A skillset can repeat skills of the same type (for example, multiple Shaper skills).
A skillset supports chained operations, looping, and branching.

Indexers drive skillset execution. You need an indexer, data source, and index before you can test your skillset.

Tip

Enable enrichment caching to reuse the content you've already processed and lower the cost of development.

Add a skillset definition

Start with the basic structure.

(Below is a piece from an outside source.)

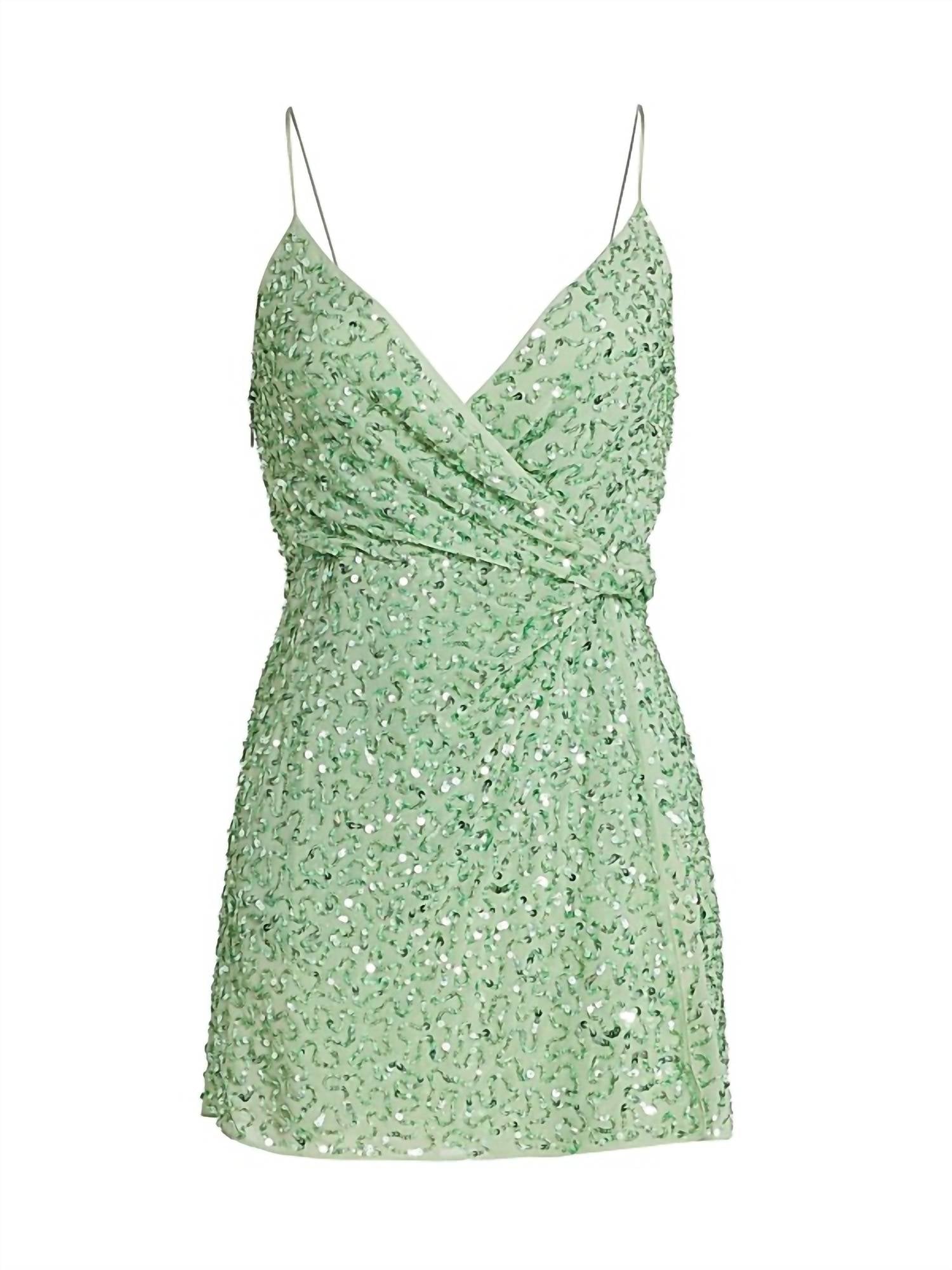 The perfect mini dress for those warmer months. Introducing the Celestine Wrap Dress by Alice + Olivia, a stunning piece perfect for evening events. This mini dress in light sage features spaghetti straps and a sweetheart neckline for an elegant silhouette. Crafted from a lightweight crepe, it boasts a 100% polyester shell and an intricately lined interior with 94% polyester and 6% elastane. The draped fabric and twist detail at the waist add to its charm, while hidden side zipper closure ensures a seamless fit. Adorned with bead and sequin embellishments, this dress is made in India and requires dry cleaning.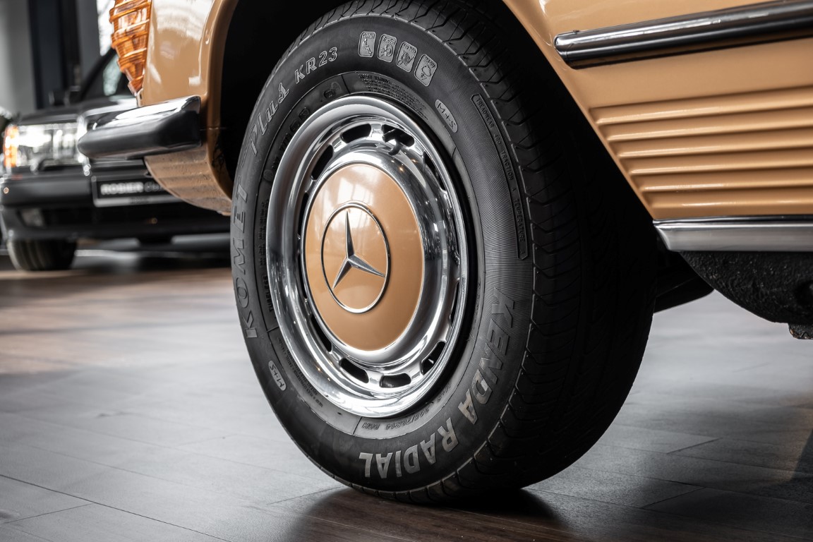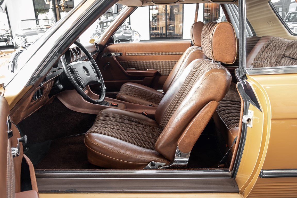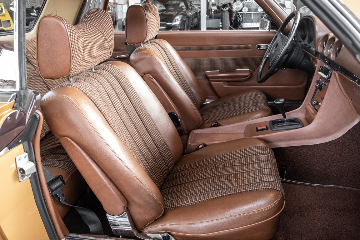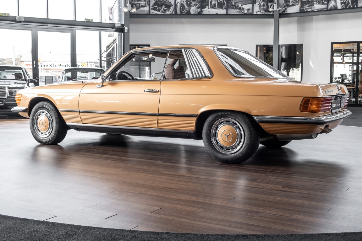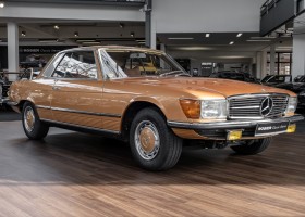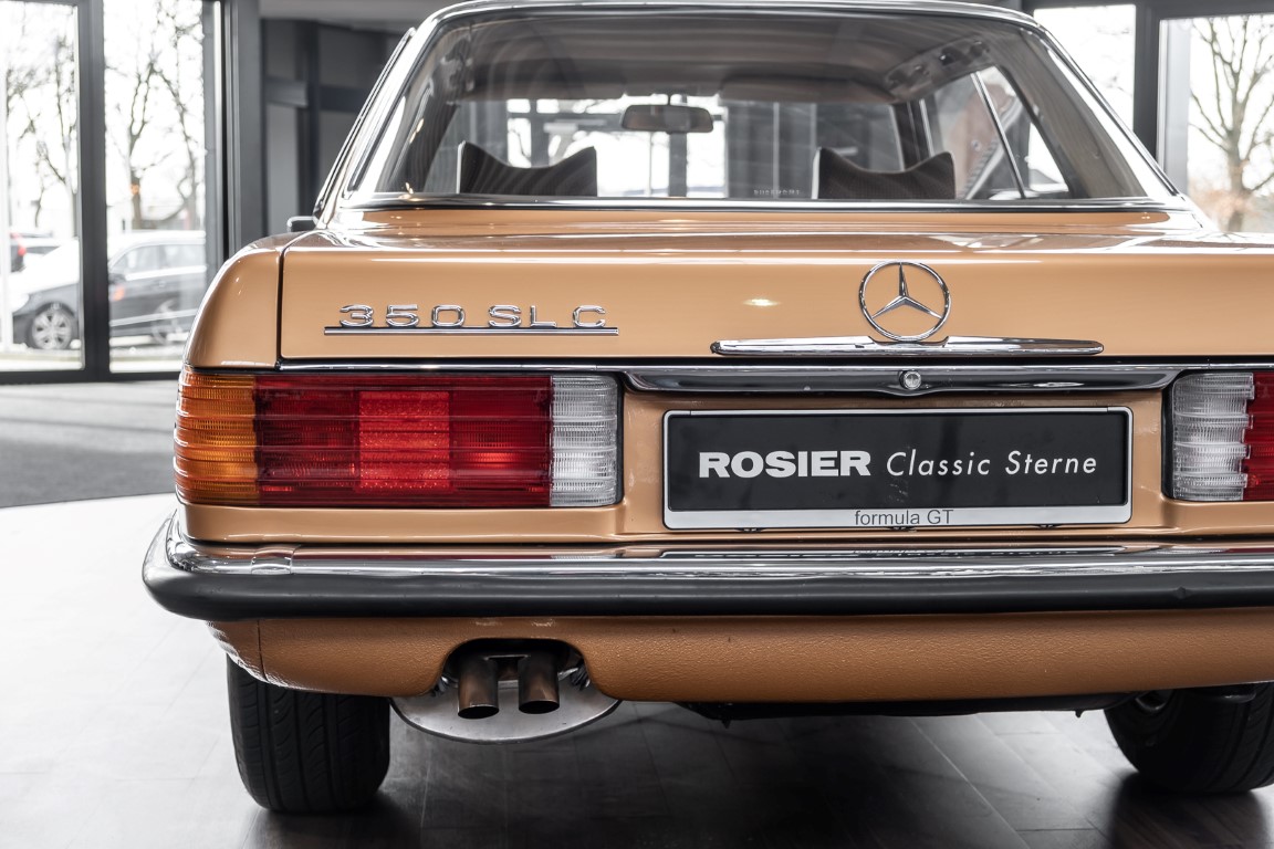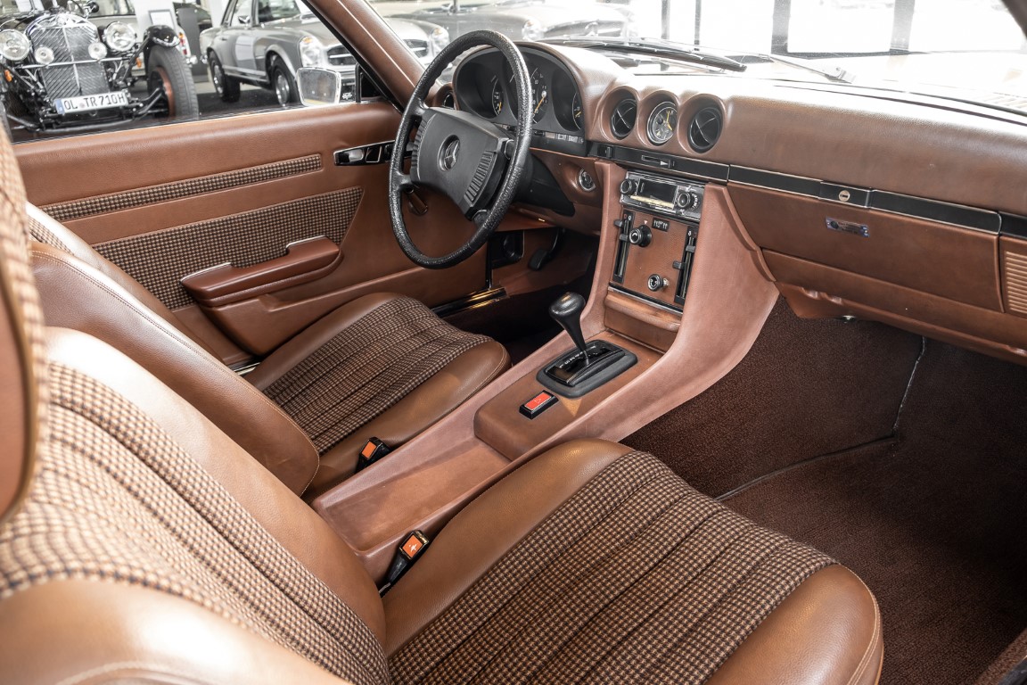 Wir freuen uns Ihnen hier ein ganz besonderes Fahrzeug aus der 107er Reihe präsentieren zu können, ein Mercedes-Benz 350 SLC Coupé aus 1973. Die Farbe „Byzanzgold Metallic“ in Verbindung mit der brauen Stoff/Lederkombination mit Karomuster, spiegelt deutlich den Zeitgeist der 1970er Jahre wieder. Das hier in vollendeter Eleganz präsentierte Coupé wurde 1973 an einen sehr vermögenden Erstbesitzer in Frankreich ausgeliefert. Bei Ihm verblieb der Wagen vermutlich bis 1985. Danach wurde er auf seinen nächsten Besitzer, ebenfalls in Frankreich zugelassen, wie die „Carte Grise“ umgangssprachlich für das französische „Certificat d´Immatriculation“ belegt. Der neue Besitzer behielt das Fahrzeug etwa 27 Jahre in seinem Besitz, bevor er ihn an eine Dame aus Deutschland verkaufte, die das elegante Coupé an den derzeitigen Besitzer, einen erfolgreichen Geschäftsmann aus München verkaufte. Über all die Jahre und Fahrzeugbesitzer hinweg wurde das Fahrzeug nur höchstselten, zuletzt wohl nur noch zu Erhaltungsfahrten bewegt, was die Tacholaufleistung von sagenhaften 50.500 km glaubhaft belegt. Steigen Sie ein und erfahren Sie dieses ganz besondere Luxus-Coupé.

In the Create Skillset REST API, the body of the request is authored in JSON and has the following sections:

{
   "name":"skillset-template",
   "description":"A description makes the skillset self-documenting (comments aren't allowed in JSON itself)",
   "skills":[
       
   ],
   "cognitiveServices":{
      "@odata.type":"#Microsoft.Azure.Search.CognitiveServicesByKey",
      "description":"An Azure AI services resource in the same region as Azure AI Search",
      "key":"<Your-Cognitive-Services-Multiservice-Key>"
   },
   "knowledgeStore":{
      "storageConnectionString":"<Your-Azure-Storage-Connection-String>",
      "projections":[
         {
            "tables":[ ],
            "objects":[ ],
            "files":[ ]
         }
      ]
    },
    "encryptionKey":{ }
}

After the name and description, a skillset has four main properties:

skills array, an unordered collection of skills. Skills can be utilitarian (like splitting text), transformational (based on AI from Azure AI services), or custom skills that you provide. An example of a skills array is provided in the next section.
cognitiveServices is used for billable skills that call Azure AI services APIs. Remove this section if you aren't using billable skills or Custom Entity Lookup. Attach a resource if you are.
knowledgeStore (optional) specifies an Azure Storage account and settings for projecting skillset output into tables, blobs, and files in Azure Storage. Remove this section if you don't need it, otherwise specify a knowledge store.
encryptionKey (optional) specifies an Azure Key Vault and customer-managed keys used to encrypt sensitive content (descriptions, connection strings, keys) in a skillset definition. Remove this property if you aren't using customer-managed encryption.

Add skills

Inside the skillset definition, the skills array specifies which skills to execute. Three to five skills are common, but you can add as many skills as necessary, subject to service limits.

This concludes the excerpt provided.